● Exercise requirements
Print the lines below from the line with "Купить Краска интерьерная" to the line with "沖永良部島産の島バナナリキュ" exactly, keeping both ends, and print no pictures.

● Supplied data

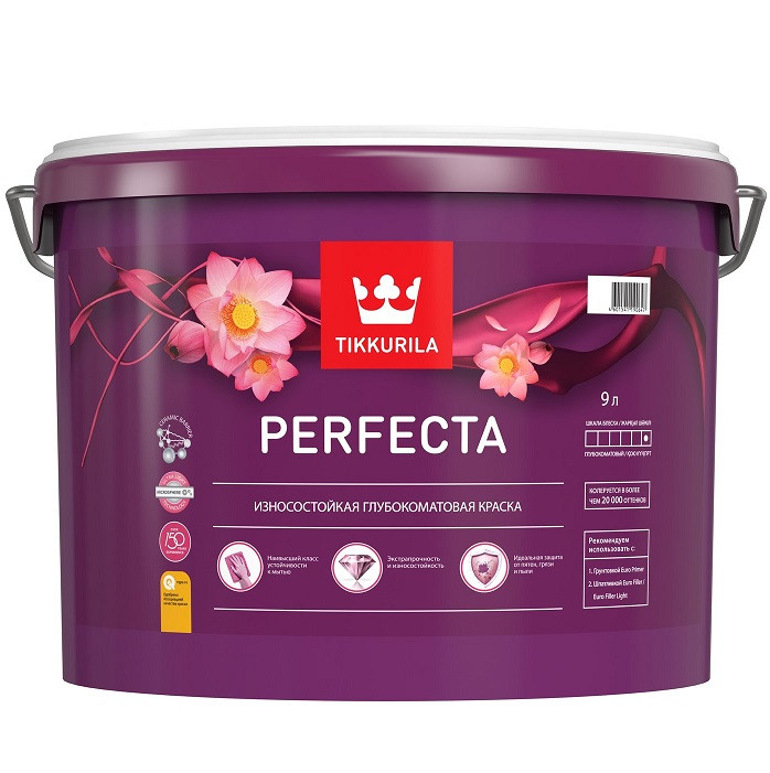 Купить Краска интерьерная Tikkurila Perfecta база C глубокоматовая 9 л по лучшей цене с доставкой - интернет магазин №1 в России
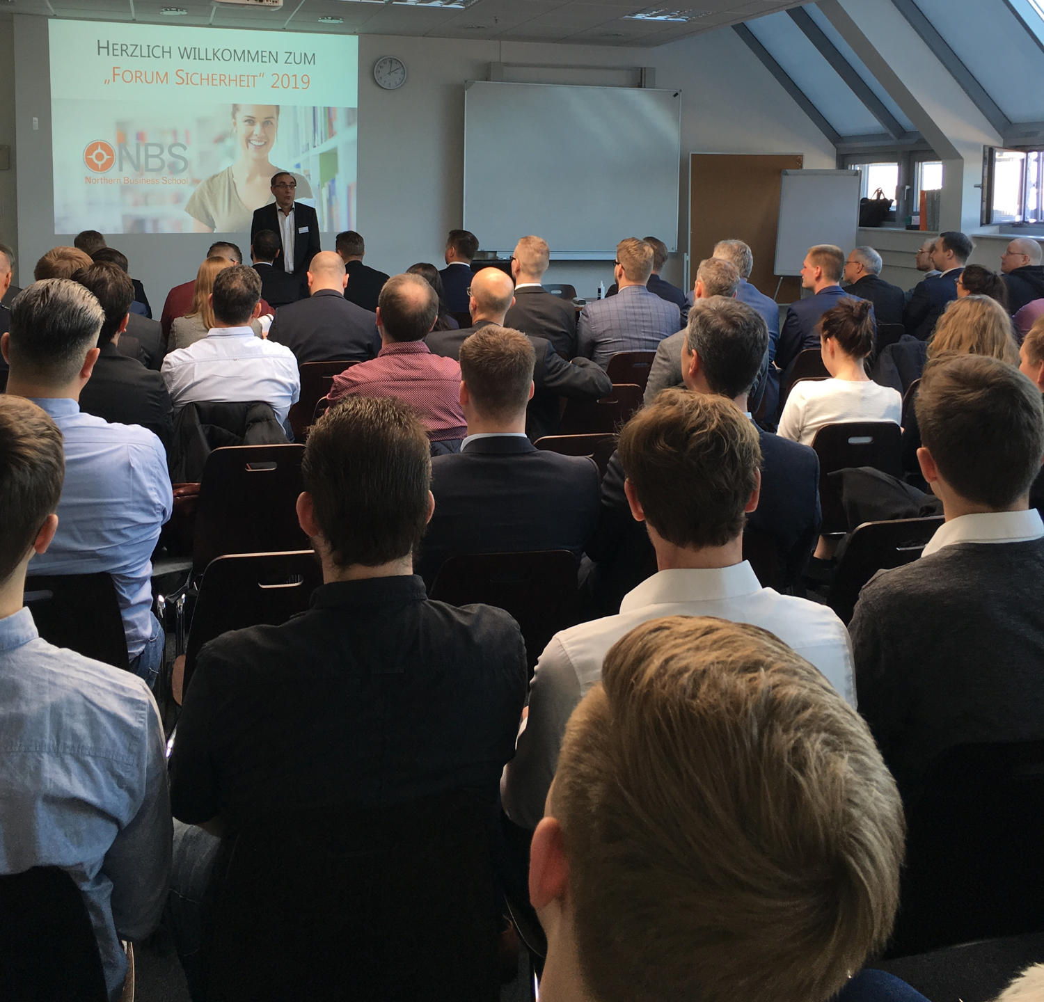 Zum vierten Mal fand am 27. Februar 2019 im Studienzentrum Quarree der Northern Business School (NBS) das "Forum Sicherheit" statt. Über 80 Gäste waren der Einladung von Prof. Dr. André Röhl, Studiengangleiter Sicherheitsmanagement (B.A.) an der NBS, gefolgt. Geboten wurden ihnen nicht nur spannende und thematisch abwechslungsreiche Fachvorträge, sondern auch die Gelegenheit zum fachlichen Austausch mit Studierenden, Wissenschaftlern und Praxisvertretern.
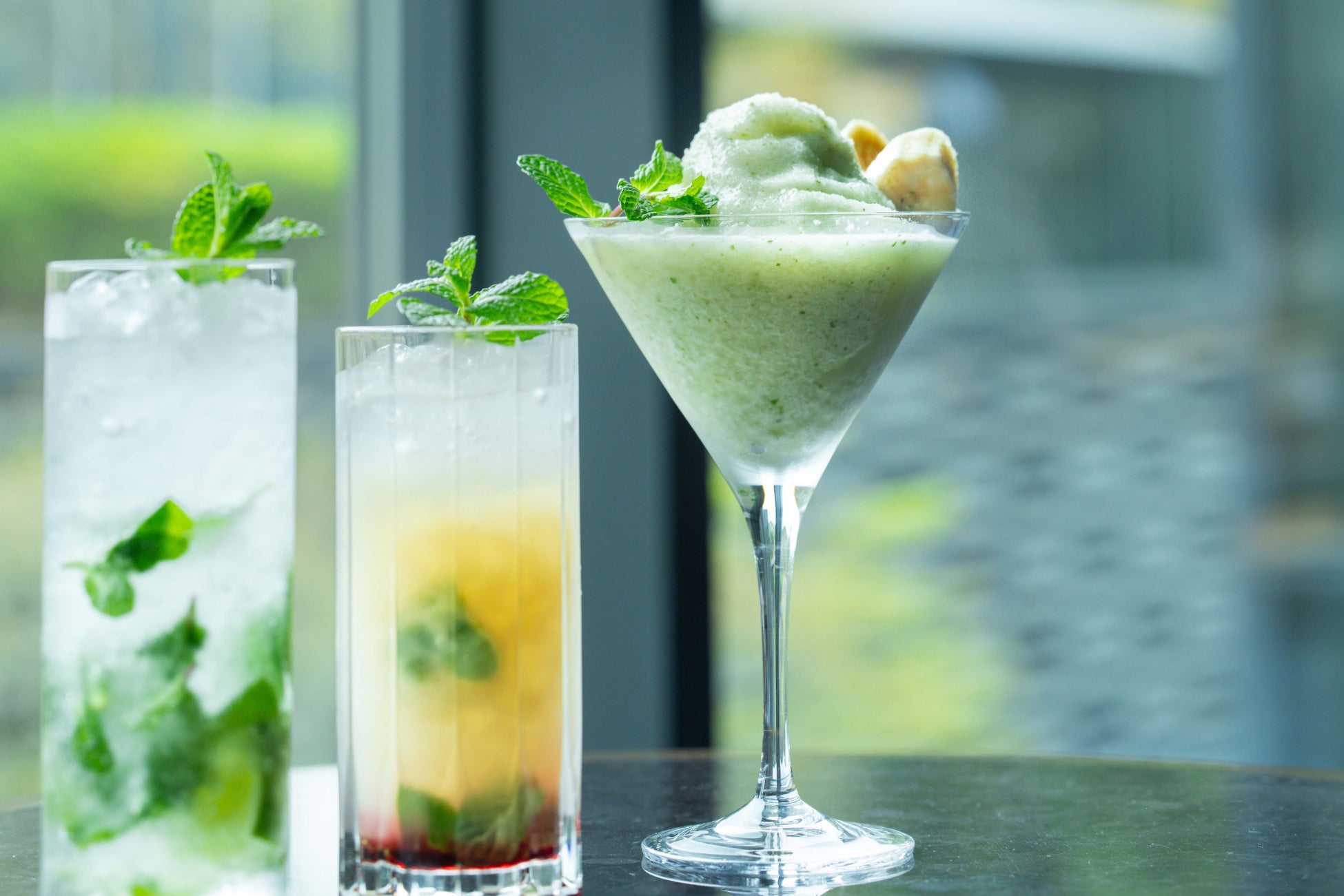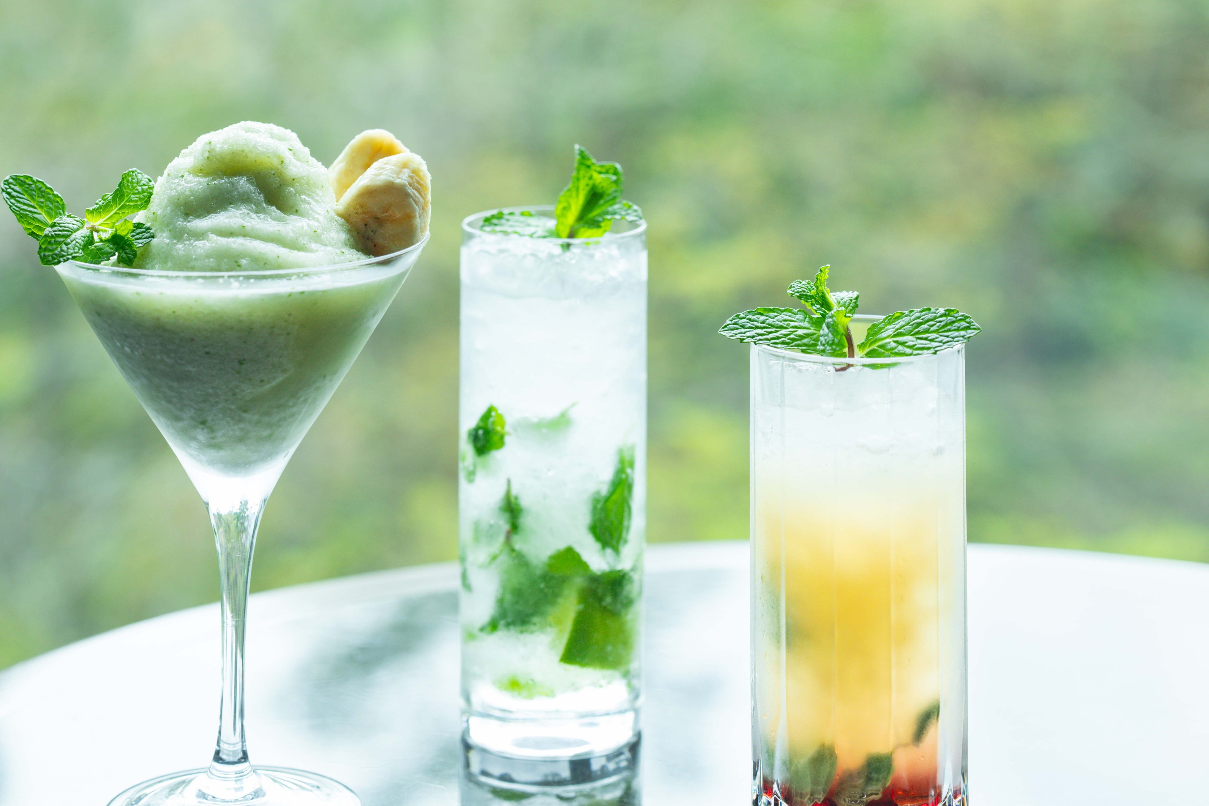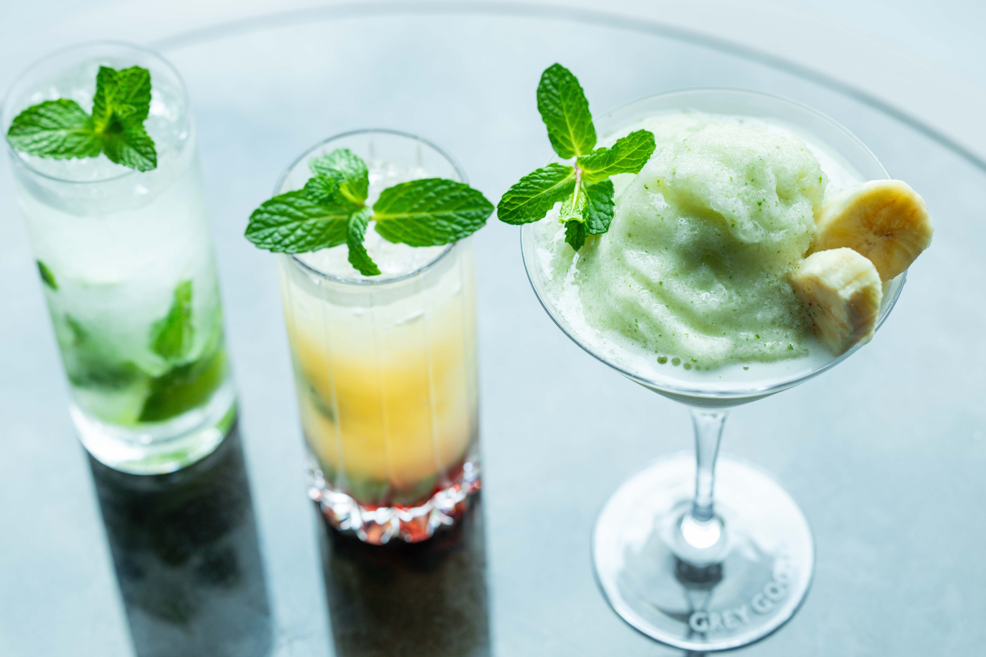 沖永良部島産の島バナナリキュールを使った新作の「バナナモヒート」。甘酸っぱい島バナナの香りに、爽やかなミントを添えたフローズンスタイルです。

---

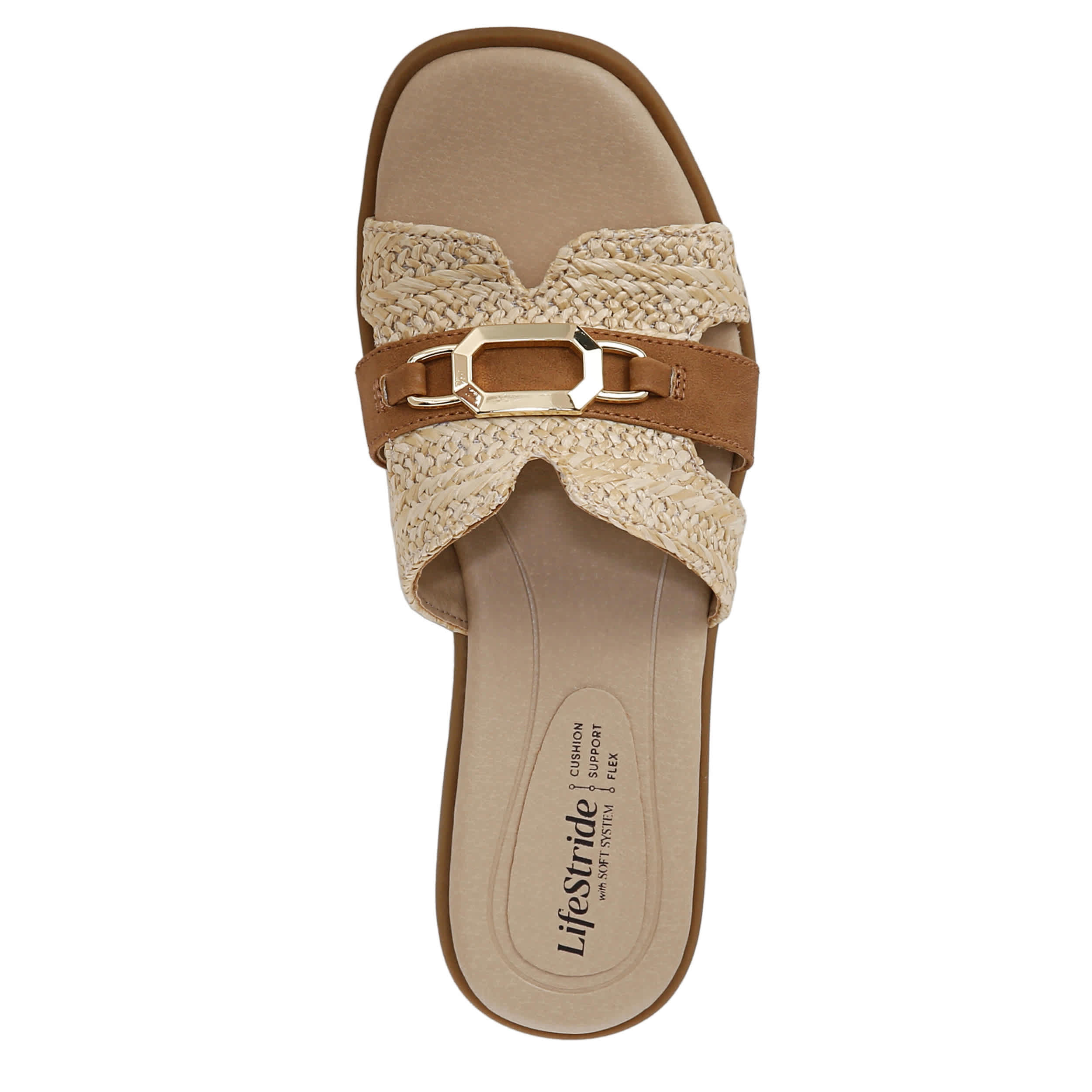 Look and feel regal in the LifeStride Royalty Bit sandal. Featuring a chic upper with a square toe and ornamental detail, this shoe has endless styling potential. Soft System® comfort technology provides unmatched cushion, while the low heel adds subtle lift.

● Task result
 Купить Краска интерьерная Tikkurila Perfecta база C глубокоматовая 9 л по лучшей цене с доставкой - интернет магазин №1 в России
 Zum vierten Mal fand am 27. Februar 2019 im Studienzentrum Quarree der Northern Business School (NBS) das "Forum Sicherheit" statt. Über 80 Gäste waren der Einladung von Prof. Dr. André Röhl, Studiengangleiter Sicherheitsmanagement (B.A.) an der NBS, gefolgt. Geboten wurden ihnen nicht nur spannende und thematisch abwechslungsreiche Fachvorträge, sondern auch die Gelegenheit zum fachlichen Austausch mit Studierenden, Wissenschaftlern und Praxisvertretern.
 沖永良部島産の島バナナリキュールを使った新作の「バナナモヒート」。甘酸っぱい島バナナの香りに、爽やかなミントを添えたフローズンスタイルです。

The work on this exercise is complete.